Although projects are encouraged, this course requires no prior technical knowledge.

Most instructors give a series of exams (midterm and final) as well as a series of critical writing assignments.

Forty students: it’s the gateway class for the TAM certificate program. It’s also the largest class I’ve ever taught — in the last 26 years of teaching. That makes the critique of process more complicated, and the facilitation of relevant knowledge creation all the more difficult to attain. Yes, of course I’m spoiled, having been picky when and where I was teaching, and who my students were. And definitely how many students I would engage at a time. I’ve had workshops with two or three, 5, 8, 10, 15, sometimes 20, and of course, a sprinkling of public lectures with audiences into the low hundreds, but a class with 50 stretches my willingness to compromise in the service of corporate education.

Monday, 11 June, 1962

Read JHH paper. It is based on the General Purpose System Simulator proposed by Geoffrey Gordon of IBM. Joe H. has made a good start; his paper as it is needs to have some applications to the specific military situation.

Carefully inspected again the tables on pp. 5 & 11 of PA-934

Overcast – High humidity

Vacation for NJH & JAH starts today.

Read the article “National Balance Sheets and the Effects of Inflation,” pp 849-858 of Science for 08 June 1962. It cites a new tool and shows how inflation affects different groups of people. Apparently I’m in a category that can benefit slightly from Inflation; although this is questionable.

Raked over & planted a part of the lawn near the back fence. It started to rain later in the evening.

Worked up some mtl. to discuss with Woody Strodel tomorrow.

Newshour interview with George Dyson

Another child of the military-industrial machine, Dyson was as the son of Freeman Dyson, around the Institute for Advanced Study when he was very young. He recounts some of the developments related to the development of The (Hydrogen) Bomb. He mentions radar development as an example of the essential collaborative work done during WWII and the Cold War.

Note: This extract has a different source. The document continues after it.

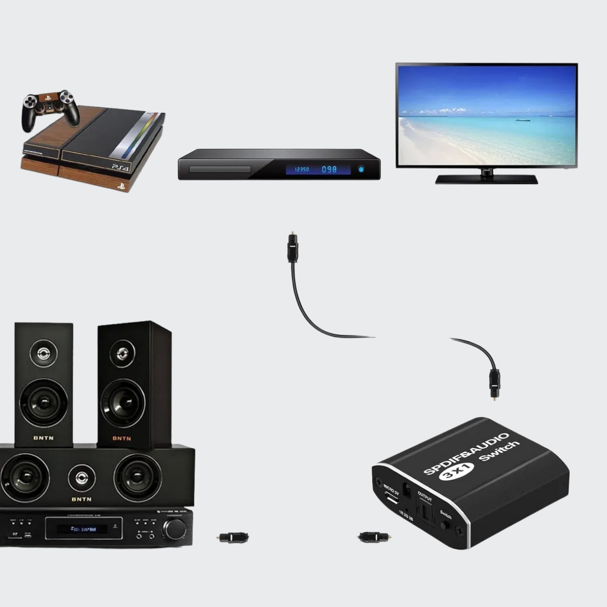 This 3-Port Optical Audio Switch Provides An Easy Way To Switch Between Multiple Audio Sources And Share One Set Of Speakers Or Headphones Between Devices. With Just A Press Of A Button On The Included Remote Control, You Can Seamlessly Switch Playback Between Your Ps5, Xbox, Blu-Ray Player And Other Optical Audio Output Devices. Supporting High-Quality Audio Formats Like Dolby Digital And Dts, You’Ll Enjoy Lossless Surround Sound From Movies And Games On All Your Connected Entertainment Systems. The Included Rca Audio Cables Let You Connect The Switch To Stereo Speakers, So You Can Listen Without Worrying About Lip Sync Issues That Sometimes Occur Over Hdmi. Compact And Lightweight For Flexible Placement, This Optical Audio Switch Makes It Simple To Build Your Home Theater Setup And Get The Most From All Your Audio Gear.

It’s obvious that the computer arose from the need to fabricate the complex energy-intensive devices of defensive and offensive warfare. It was a necessary tool to predict the future performance of these cumulative machinic systems. The innate instability of complex systems had to be mitigated or, within the limits of control, eliminated. The question of what will happen when a certain assemblage of energized matter was brought together as an ordered system was so paramount that the concept of simulation seems a ‘natural’ product.

But what is simulation if not oracle: wisdom, sagacity, veracity, foresight, foreknowledge, expectation, prediction, foretelling; looking forward, understanding, (authority, control, guidance, that which guides). Completing the circle: cybernetics (ancient Greek κυβερνήτης steersman) — the process of directing events towards the actualization of simulation or prognostication.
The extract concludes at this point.